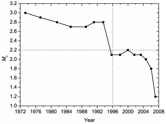 It is well-known that artificial seismicity changes may arise from the changes of the seismic network, e.g., station distribution, upgrades of seismic instruments and data management software, etc. [18,23]. To minimize the possible artificial effect on seismicity changes, it is important to have some pre-processing of the seismological data of earthquake catalog before the application of the RTL method. The data pre-processing mainly includes aftershock declustering and completeness analysis [18]. The aftershocks of the CEA earthquake catalog were declustered using the approach given in [24]. The completeness of the CEA earthquake catalog was evaluated based on the power-law of frequency–magnitude [25]. Figure 2 shows the temporal change of the completeness magnitude of the CEA earthquake catalog in Yutian area. The result indicates that the completeness magnitude decreases with time (Figure 2), i.e., the detectability of the earthquakes increases with time. As shown in Figure 2, the CEA earthquake catalog in Yutian area is complete for earthquake with magnitude M ≥ 2.2 after 1 January 1996 (marked by the vertical dashed line). Therefore, the CEA earthquake catalog from 1 January 1996 to 21 March 2008 with a completeness magnitude (Mc) of 2.2 is chosen in this study, which can satisfy both the completeness of the earthquake catalog, and enough number of events for seismicity analysis.
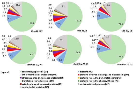 The relative abundance of protein items in the MP88 set in the total protein profiles of whole seeds, hulls, and dehulled seeds with respect to the two cultivars studied (Uso-31, Santhica 27) is shown in Table 3. The percentages of the protein classes (including the group of proteins not included in the MP88 set) are expressed using pie charts in Figure 2.
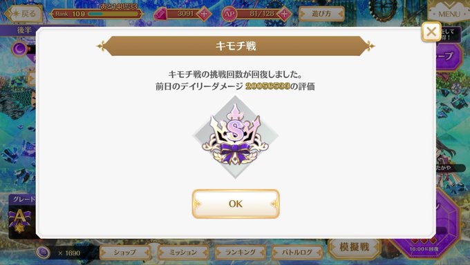 キモチ戦、最終日ですね。それなりに頑張りました。2いいねありがとうございます!
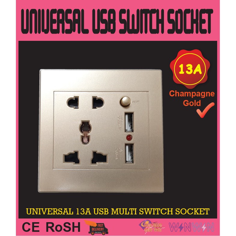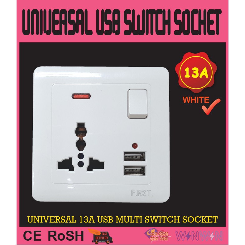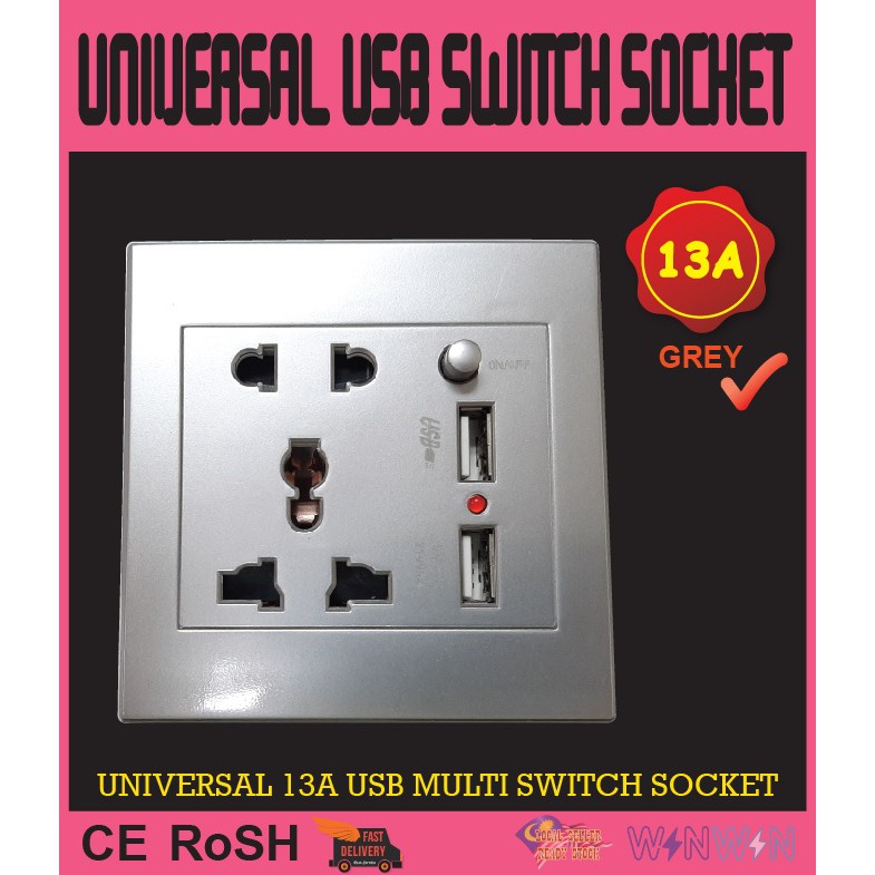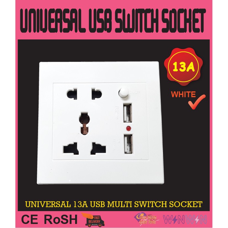 UNIVERSAL 13A USB MULTI FUNCTION SWITCH SOCKET 86 Size ELECTRIC WALL SOCKET

|---|

To do: I would like the lines from the one with "The relative abundance" through the last line of the data above retyped exactly, with pictures left out, please.

Completed task:
 The relative abundance of protein items in the MP88 set in the total protein profiles of whole seeds, hulls, and dehulled seeds with respect to the two cultivars studied (Uso-31, Santhica 27) is shown in Table 3. The percentages of the protein classes (including the group of proteins not included in the MP88 set) are expressed using pie charts in Figure 2.
 キモチ戦、最終日ですね。それなりに頑張りました。2いいねありがとうございます!
 UNIVERSAL 13A USB MULTI FUNCTION SWITCH SOCKET 86 Size ELECTRIC WALL SOCKET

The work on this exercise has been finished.